How to check for floating point precision in Double

Question

Take this simple function for example.

   int checkIfTriangleIsValid(double a, double b, double c) {
      //fix the precision problem
      int c1, c2, c3;
      c1 = a+b>c ? 0 : 1;
      c2 = b+c>a ? 0 : 1;
      c3 = c+a>b ? 0 : 1;
      if(c1 == 0 && c2 == 0 && c3 == 0)
        return 0;
      else {
        printf("%d, %d, %d\n",c1, c2, c3);
        return 1;
      }
   } 

I place for a = 1.923 , b = 59.240 , c = 61.163

Now for some reason when I check for the condition in c1 it should give me 1, but instead, it gives me 0. I tried to do a printf with %.30f and found that the values later changes.

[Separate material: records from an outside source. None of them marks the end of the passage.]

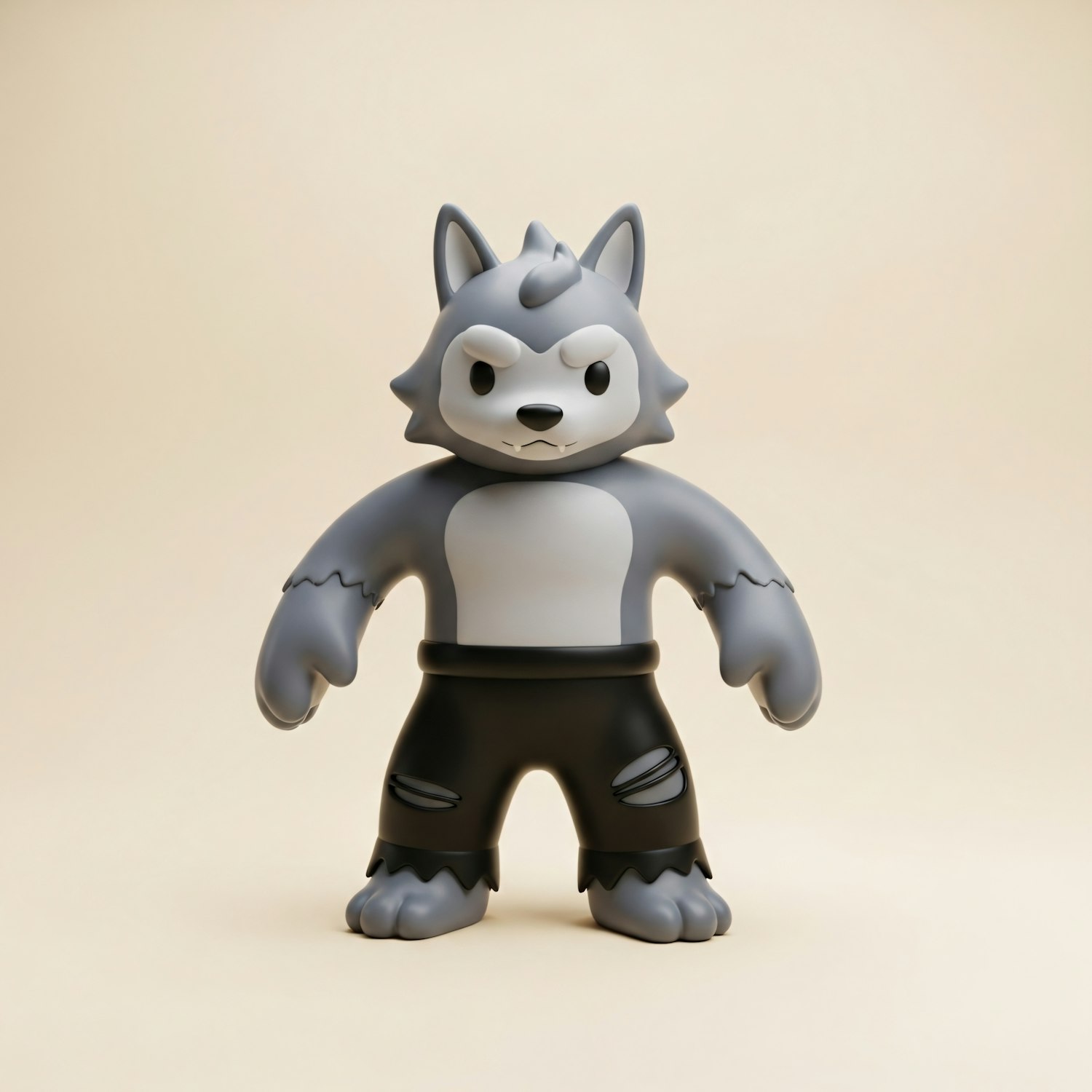 A cute and fierce anthropomorphic wolf figure in tattered pants, perfect for collectors or fans of unique character designs.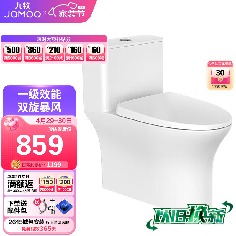 九牧(JOMOO)11396-2-1/41K-1抗菌一级水效坐便器虹吸式节水连体马桶400坑距价格:1069.00元!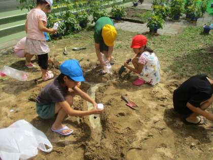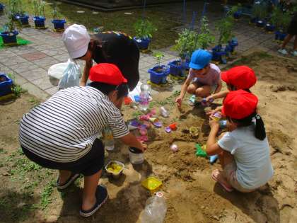 子供たちは、「山を作ってトンネルにする」「通路を作って水を流す」「型抜きを使ってお店屋さんを開く」「マヨネーズなどの入れ物に水を入れて飛ばす」など、自分で考え遊びで友達と仲良く遊んでいました。振り返りでは、たくさんの感想が出ました。またひとつ、学校の楽しい場所が増えたようです。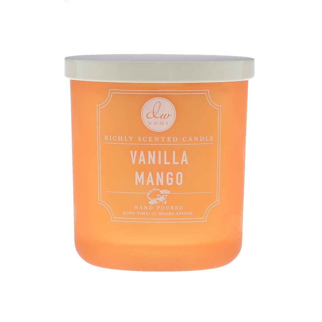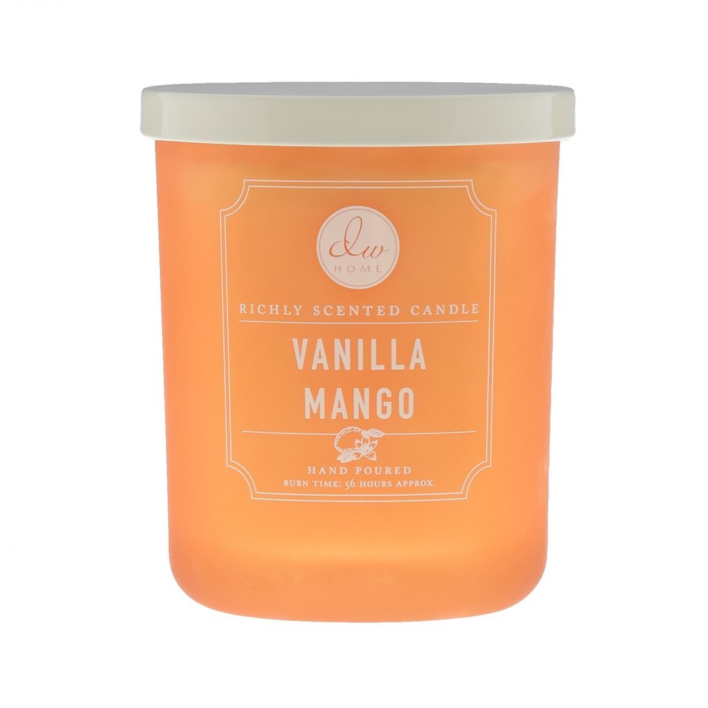 Lumânare parfumată în pahar cu parfum de mango dulce, înmuiat cu păstaie de vanilie și frișcă.
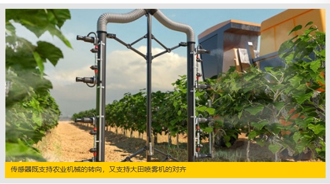 PTFE涂層可保護不銹鋼傳感器耐受常用的作物殺蟲劑傳感器既支持農業(yè)機械的轉向,又支持大田噴霧機的對齊圖爾克的超聲波傳感器測量噴臂與農田或作物間的距離PTFE涂層可保護不銹鋼傳感器耐受常用的作物殺蟲劑傳感器既支持農業(yè)機械的轉向,又支持大田噴霧機的對齊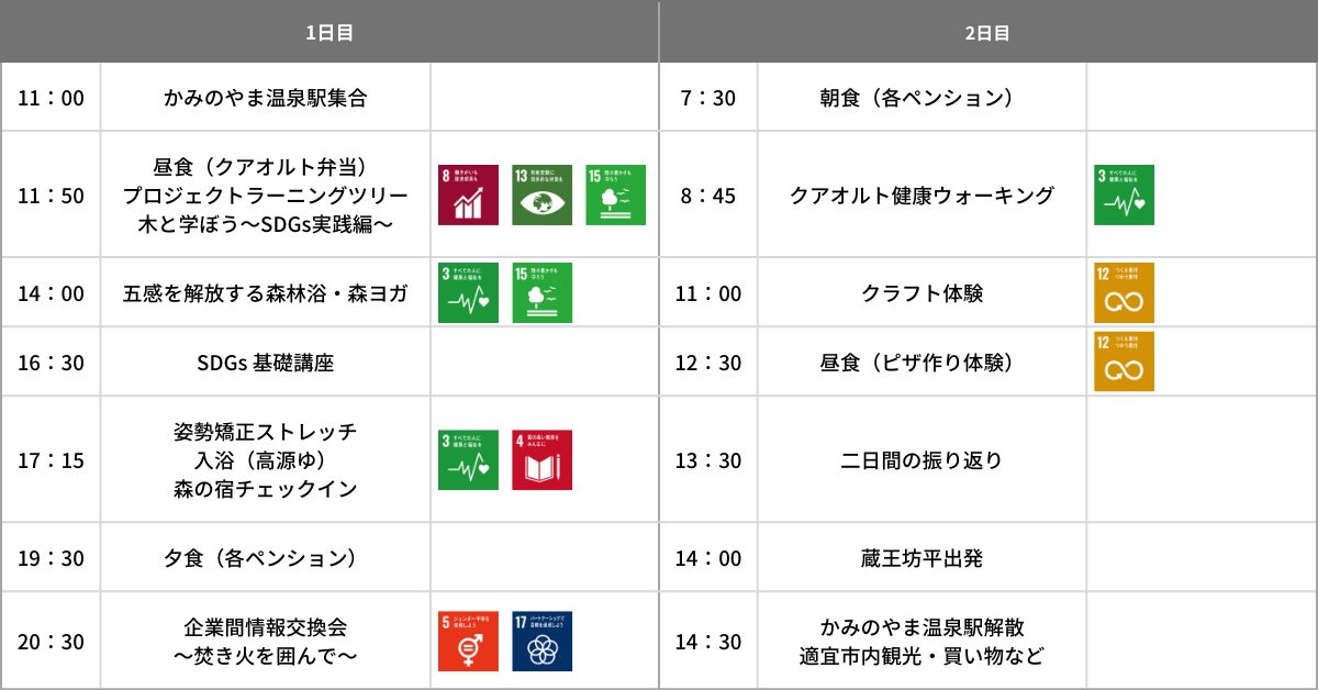 今回実施するモデルツアーも、数あるプログラムの中から、仲間と一緒に課題を解決してチームビルディングを図る「プロジェクトラーニングツリー」や、ドイツの運動療法を用いた“頑張らずに”身体を動かす「クアオルト健康ウォーキング」、森の中で五感を開き心と身体のバランスを整える「森林浴・森ヨガ」等、様々なジャンルのプログラムを体験していただき、企業における活用シーンを具体的にイメージしていただける内容でお届けいたします。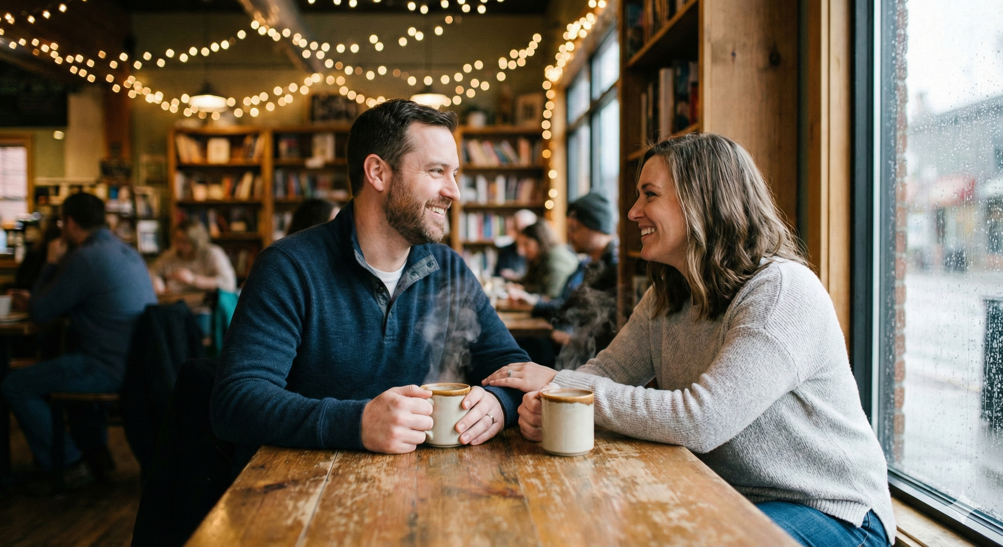 12. Couple sharing coffee at a cozy café table, steaming cups, warm smiles, soft bokeh background.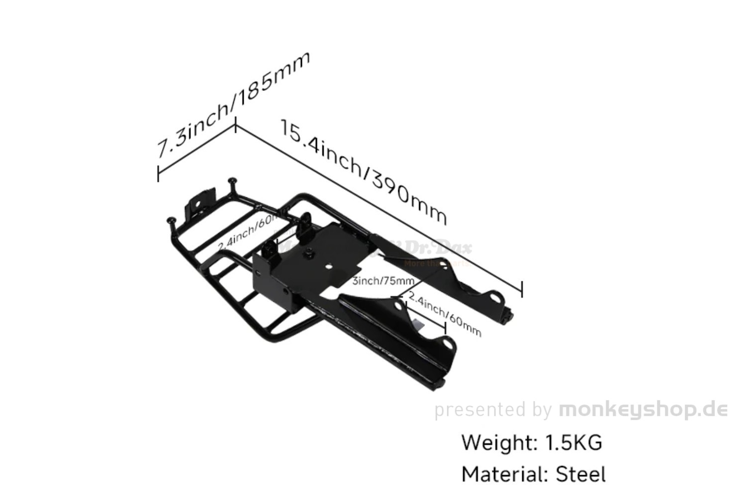 Schwarzer Gepäckträger für sämtliche Honda Gorilla und Honda Monkey Z50 Modelle und deren Replikas. Passt nicht für die Honda Monkey 125 (ab Baujahr 2018 / Z125MA) oder Honda Monkey Z50A.
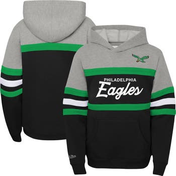 Remind your favorite young sports fan of the glory days of the Philadelphia Eagles with this Throwback Head Coach Hoodie from Mitchell & Ness. This midweight pullover offers fleece lining and a front pouch pocket for maximum warmth and comfort, making it perfect for the cooler weather of football season. The vintage team logo embroidered on the left chest and the sewn-on sleeve stripes add a touch of vintage flair, making this a unique addition to any young enthusiast's wardrobe.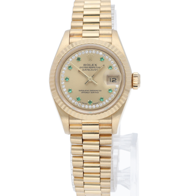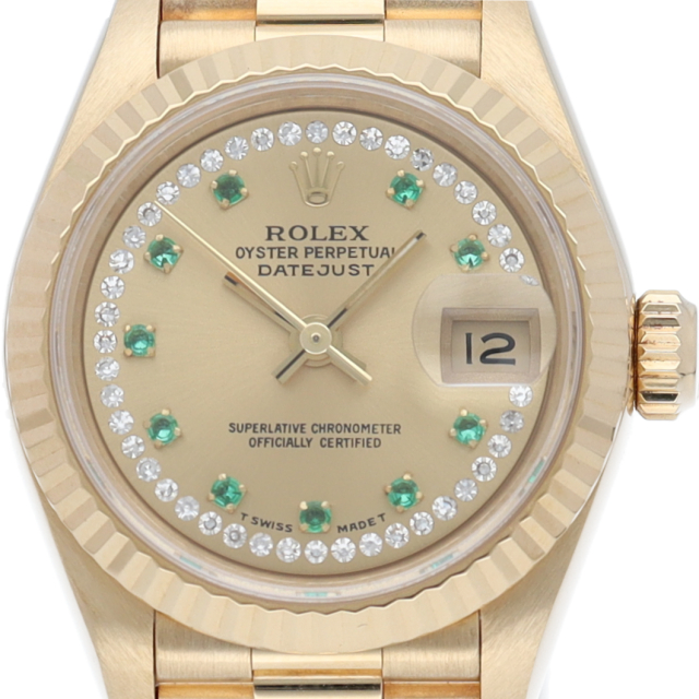 デイトジャスト レディース時計 10Pエメラルド サークルダイヤ

How can I fix this problem?

EDIT: I checked the other questions that are similar to mine but they don't even have a double.

Answer 1

Likely your C implementation uses the IEEE-754 basic 64-bit binary floating-point format for double . When 1.923 , 59.240 , and 61.163 are properly converted to the nearest values representable in double , the results are exactly:

• 1.9230000000000000426325641456060111522674560546875,
• 59.24000000000000198951966012828052043914794921875, and
• 61.1629999999999967030817060731351375579833984375.

As you can see, the first two of these sum to more than the third. This means that, by the time you assign these values to double objects, they have already been altered in a way that changes their relationship. No subsequent calculations can repair this, because the original information is gone.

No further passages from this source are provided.